Nanotubes are members of the fullerene structural family, which also includes the spherical buckyballs. The cylindrical nanotube usually has at least one end capped with a hemisphere of the buckyball structure. Their name is derived from their size, since the diameter of a nanotube is in the order of a few nanometers (approximately 1/50,000th of the width of a human hair), while they can be up to several millimeters in length (as of 2008). Nanotubes are categorized as single-walled nanotubes (SWNTs) and multi-walled nanotubes (MWNTs).
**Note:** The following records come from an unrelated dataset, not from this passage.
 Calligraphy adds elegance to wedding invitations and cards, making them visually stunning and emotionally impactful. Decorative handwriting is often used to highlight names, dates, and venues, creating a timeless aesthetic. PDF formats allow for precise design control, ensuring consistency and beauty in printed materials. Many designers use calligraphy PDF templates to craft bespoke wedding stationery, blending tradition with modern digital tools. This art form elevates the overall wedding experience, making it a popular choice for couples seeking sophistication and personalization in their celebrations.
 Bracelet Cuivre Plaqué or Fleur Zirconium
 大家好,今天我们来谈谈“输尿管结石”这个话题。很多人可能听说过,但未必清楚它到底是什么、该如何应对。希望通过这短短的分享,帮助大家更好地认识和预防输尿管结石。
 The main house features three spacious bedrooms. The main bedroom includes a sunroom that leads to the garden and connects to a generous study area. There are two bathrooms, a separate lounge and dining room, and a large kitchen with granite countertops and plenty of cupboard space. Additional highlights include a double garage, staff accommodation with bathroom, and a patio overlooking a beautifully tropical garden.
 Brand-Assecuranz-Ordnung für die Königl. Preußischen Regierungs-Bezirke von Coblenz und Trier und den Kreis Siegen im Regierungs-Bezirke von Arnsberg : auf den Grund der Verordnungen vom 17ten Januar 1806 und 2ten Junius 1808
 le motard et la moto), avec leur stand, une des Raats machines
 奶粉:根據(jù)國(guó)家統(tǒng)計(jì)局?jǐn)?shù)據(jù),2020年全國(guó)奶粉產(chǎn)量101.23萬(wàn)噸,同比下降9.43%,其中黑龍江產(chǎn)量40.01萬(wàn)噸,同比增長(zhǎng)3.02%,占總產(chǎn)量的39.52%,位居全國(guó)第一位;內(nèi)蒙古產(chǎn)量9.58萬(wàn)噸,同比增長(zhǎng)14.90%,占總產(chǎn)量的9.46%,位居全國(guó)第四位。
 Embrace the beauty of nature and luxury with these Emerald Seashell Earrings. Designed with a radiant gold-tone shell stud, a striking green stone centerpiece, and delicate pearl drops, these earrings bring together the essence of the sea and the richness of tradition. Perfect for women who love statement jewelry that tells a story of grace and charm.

The nature of the bonding of a nanotube is described by applied quantum chemistry, specifically, orbital hybridization. The chemical bonding of nanotubes is composed entirely of sp2 bonds, similar to those of graphite. This bonding structure, which is stronger than the sp3 bonds found in diamond, provides the molecules with their unique strength. Nanotubes naturally align themselves into "ropes" held together by Van der Waals forces. Under high pressure, nanotubes can merge together, trading some sp² bonds for sp³ bonds, giving the possibility of producing strong, unlimited-length wires through high-pressure nanotube linking.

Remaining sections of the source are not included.